Victor sighed as the plane's flight smoothed out once more. The threat had passed, but the separation had started. Victor did his best to always be there for his son, to let him know how proud he was of what Martin had accomplished, but it wasn't the same. The loss of time... five years. Five years he'd lived the lie that his son meant nothing to him so that he'd be safe. Five years of losing more of himself. Five years of torment. Five years... Five years of running from the love that would have been his salvation.

He signaled the attendant and asked for coffee.

There had been a time during Martin's pre-teen and early teen years they had begun to once more build a bridge. For a few short years Victor had been able to express and share the love he had for Martin. For a few short years...


"Mr. Fitzgerald?" the voice asked.

"Yes," he replied. "This is Victor Fitzgerald."

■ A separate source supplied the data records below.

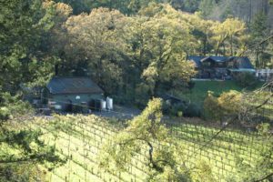 Surprising for the location (Spring Mountain Distinct) Chardonnay is grown on site. This is not a variety you think of when it comes to up valley Napa hillside-based wineries. However, there are several other Spring Mountain wineries growing this variety and it has its own unique characteristics compared to the more common cool weather Chardonnay sourced from the Carneros district to the south. The vineyard that produces this wine is directly below the winery and the tasting room. It is dry farmed. They make this wine in a similar style each year – barrel fermented, no secondary malolactic fermentation and the wine is stirred on the lees during its aging.
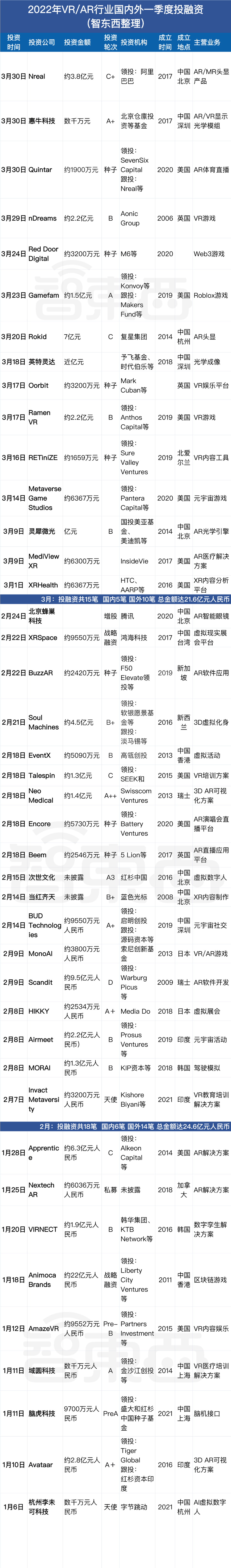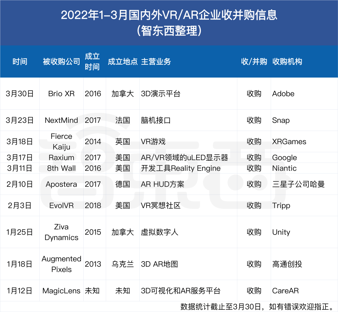 ▲2022年1-3月VR/AR企业收购事件(截至3月30日)
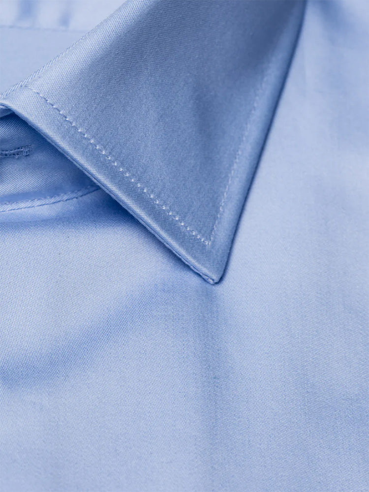 Chemise Slim Fit en popeline de coton, petit col français, poignets à double boutonnage,  100% coton.
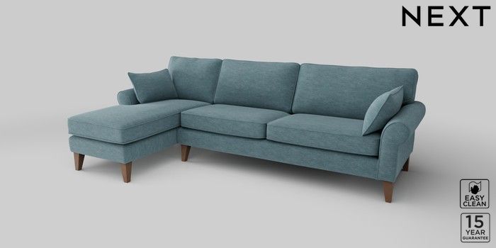 7.2.10 Mallory Medium Sofa Chaise - Left Hand Fine Chenille Easy Clean Mid Blue High Tapered - Mid | Made Click here to use our website with more accessibility support, for example screen readers
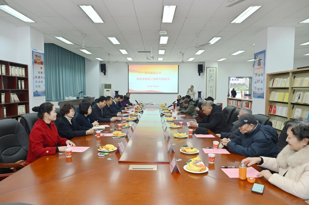 本网讯(通讯员 孙磊)12月25日上午,学校在长安校区图书馆二楼会议室召开离退休教职工迎新年座谈会。校党委书记马宁、校长卢光跃出席座谈会并讲话。离退休教职工代表,人事处、工会、后勤管理处负责人及离退休服务处全体工作人员参加会议。校党委副书记安增旺主持会议。
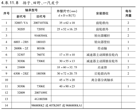 揚(yang)子、田野(yě)、一汽皮(pí)卡 車橋(qiao)軸承型(xíng)号
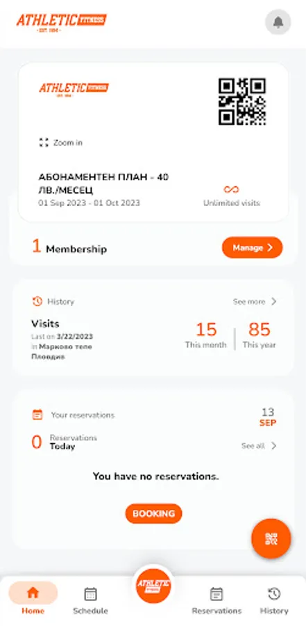 We provide you with an easy and convenient way to track your workouts, book sessions, and gain access to your favorite fitness center. Our app allows you to enter the gym with just a QR code generated from your mobile device. Plan your workouts and book spots in group activities. Never miss your favorite yoga or Pilates session again! Stay informed! Receive notifications for upcoming workouts, special offers, and news from our fitness center.
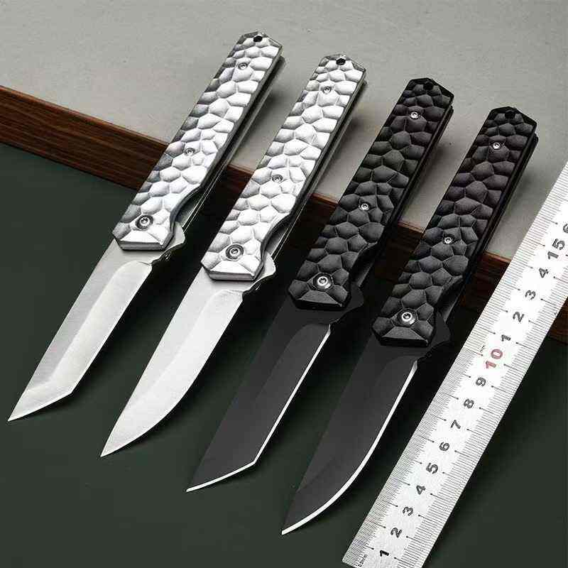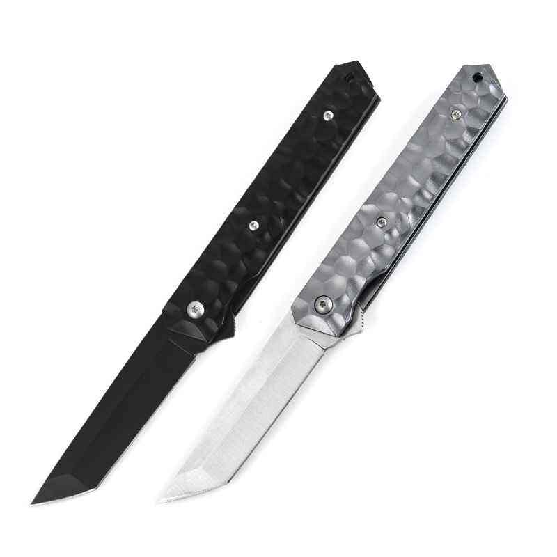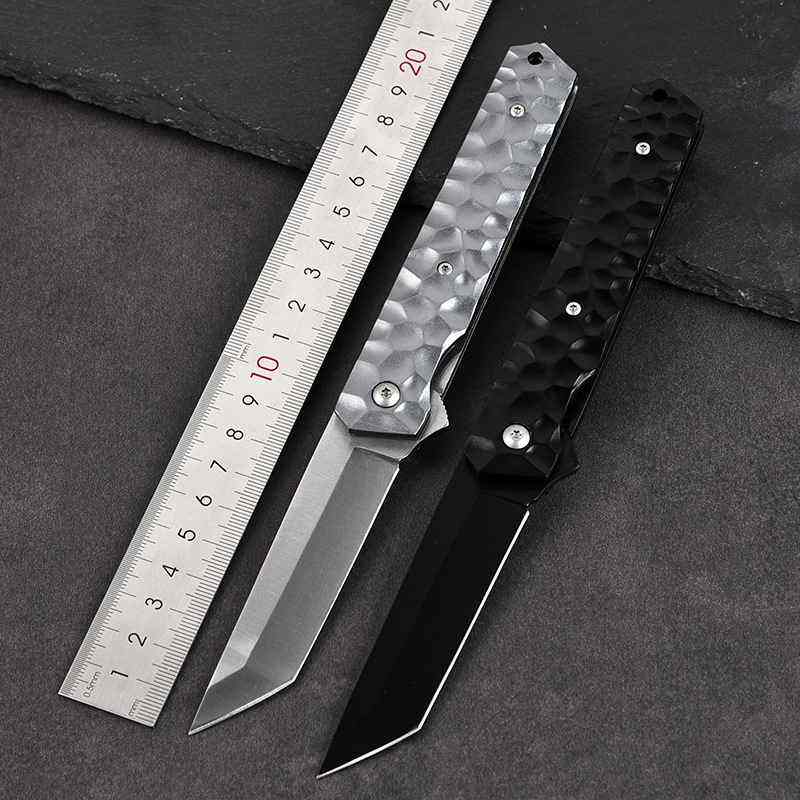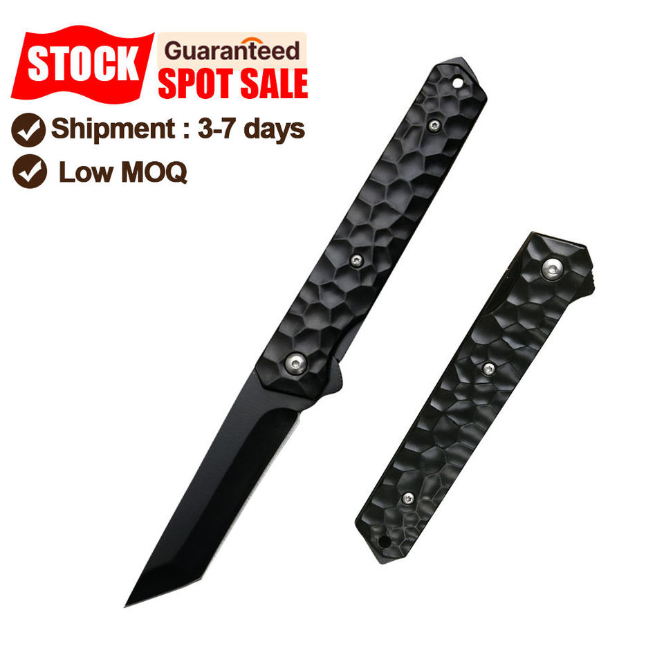 มีดพับใบมีดปลายแหลมแบบทาโต้ สำหรับตั้งแคมป์และเอาตัวรอด ทำจากอะลูมิเนียมออกไซด์สีดำ

"Mr. Fitzgerald, this is Nurse Scopes at the hospital. You son was brought in earlier. He's been in an accident. We need either you or your wife to come down and sign a release so we can perform surgery..."

He hadn't heard another word. Grabbing his keys he raced from the building and made it to the hospital in record time, terror giving him the added speed necessary.

Finding his way to the emergency room, he demanded to know what happened.

The nurse reported that Martin and a friend had been driving in a car when another driver swerved to miss a deer, colliding head-on with the car the two boys had been driving. Martin's friend had been killed instantly. Martin suffered from a head laceration, severely broken femur, at least two broken ribs and other contusions. They needed Victor's permission to perform surgery to set the broken femur.

A shroud of dark fear fell upon Victor Fitzgerald that day as he found himself once more confronted with the reality of his son's mortality. He couldn't lose his son. Martin owned most of Victor’s heart and soul. Victor knew he would never be able to function, never be able to continue if anything should happen to his son.

Giving in to his purely selfish desire for self-preservation, Victor Fitzgerald once more withdrew from his son, only this time, his son was old enough to fully feel that pulling away. This time his son felt it and couldn't understand it, couldn't get his father to explain it. This time there would be no return to the warmth and understanding between father and son, but Victor couldn't ever allow that much of himself to be controlled by another. He could never allow himself to lose so much of himself.


He threw the now empty coffee cup into the bag the attendant offered for trash.

He'd been a fool. Victor Fitzgerald, one of the shrewdest men in Washington, had been a fool.

He'd let his fear take the only things in the world that ever really mattered to him and now he had no idea how to get his son back.

"This is your Captain speaking," a voice announced. "We will be landing shortly. Please make sure all seatbacks and tray tables are in their upright and locked position."

Victor allowed another sigh to escape. People wondered how he could be as aggressive and ruthless as he was, how he could so fearlessly take the chances he did. How could he explain that it was easy to risk everything? He had nothing to lose. He had already lost everything.